Directions for this task:
Your response should contain exactly the lines running from the one with "2025秋季新款法式名媛满天星烫钻披肩+针织背心裙套装女" to the end of the data below, both included, and no pictures.

━━━━━━━━

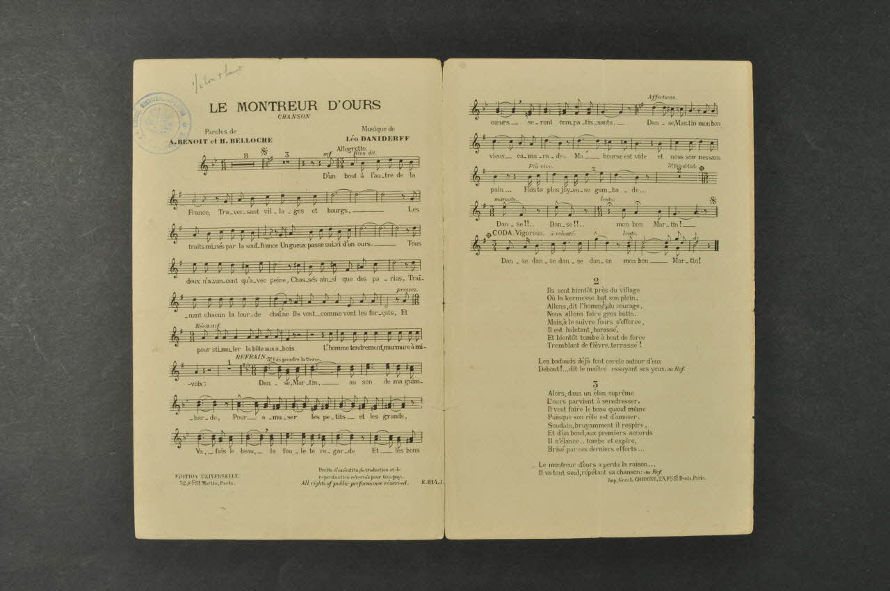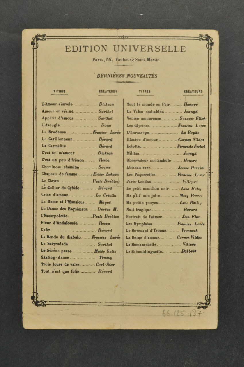 Les inscriptions renseignent le titre de la chanson, le nom des auteurs, de l'artiste et de l'éditeur. A l'intérieur, partitions et paroles de la chanson. Au dos, liste d?autres partitions publiées par l?éditeur.Décor
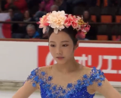 前半のジャンプが回転不足気味(スコアまだ)、さらに3Loの転倒でメンタルが先に落ちたんでしょうね。滑りに伸びがなくなってしまった。この子の一番の魅力は、滑りの美しさだと思うので、ちょっと勿体なかったです。
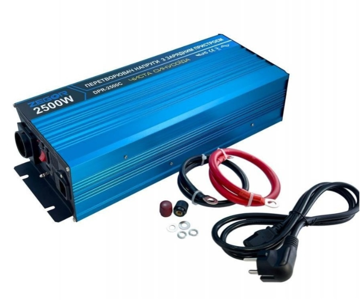 Інвертор ZEGOR. Максимальна потужність 2500 VA. Літера 'C' може вказувати на функцію зарядного пристрою або чисту синусоїду.
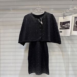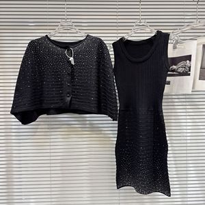2025秋季新款法式名媛满天星烫钻披肩+针织背心裙套装女
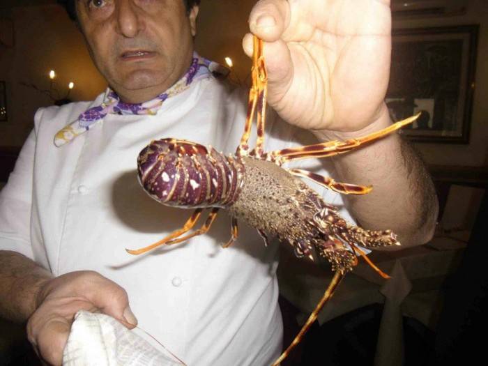 E poi ecco Franco con la sua aragosta locale che più locale non si può. Pescata qui vicino. E come fai ad impedirgli di metterla insieme a due linguine? Cottura della pasta perfetta, va via che è un piacere.
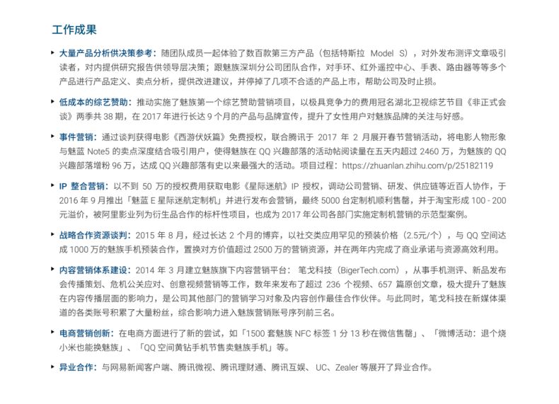 一句话概括就是:我们为魅族近 5 年在内容营销、智能硬件生态圈拓展、资源置换合作等方面做出了贡献,参与了近 20 款手机及周边产品的发布及上市,实现魅族智能硬件平台从无到有的建设,连续两次成功创建内容营销新媒体,分别是针对手机行业的“笔戈科技”和针对汽车行业的“⽼司机来了”,后者已由离职员工从魅族买断并独立运作。

━━━━━━━━

Answer section:
2025秋季新款法式名媛满天星烫钻披肩+针织背心裙套装女
 E poi ecco Franco con la sua aragosta locale che più locale non si può. Pescata qui vicino. E come fai ad impedirgli di metterla insieme a due linguine? Cottura della pasta perfetta, va via che è un piacere.
 一句话概括就是:我们为魅族近 5 年在内容营销、智能硬件生态圈拓展、资源置换合作等方面做出了贡献,参与了近 20 款手机及周边产品的发布及上市,实现魅族智能硬件平台从无到有的建设,连续两次成功创建内容营销新媒体,分别是针对手机行业的“笔戈科技”和针对汽车行业的“⽼司机来了”,后者已由离职员工从魅族买断并独立运作。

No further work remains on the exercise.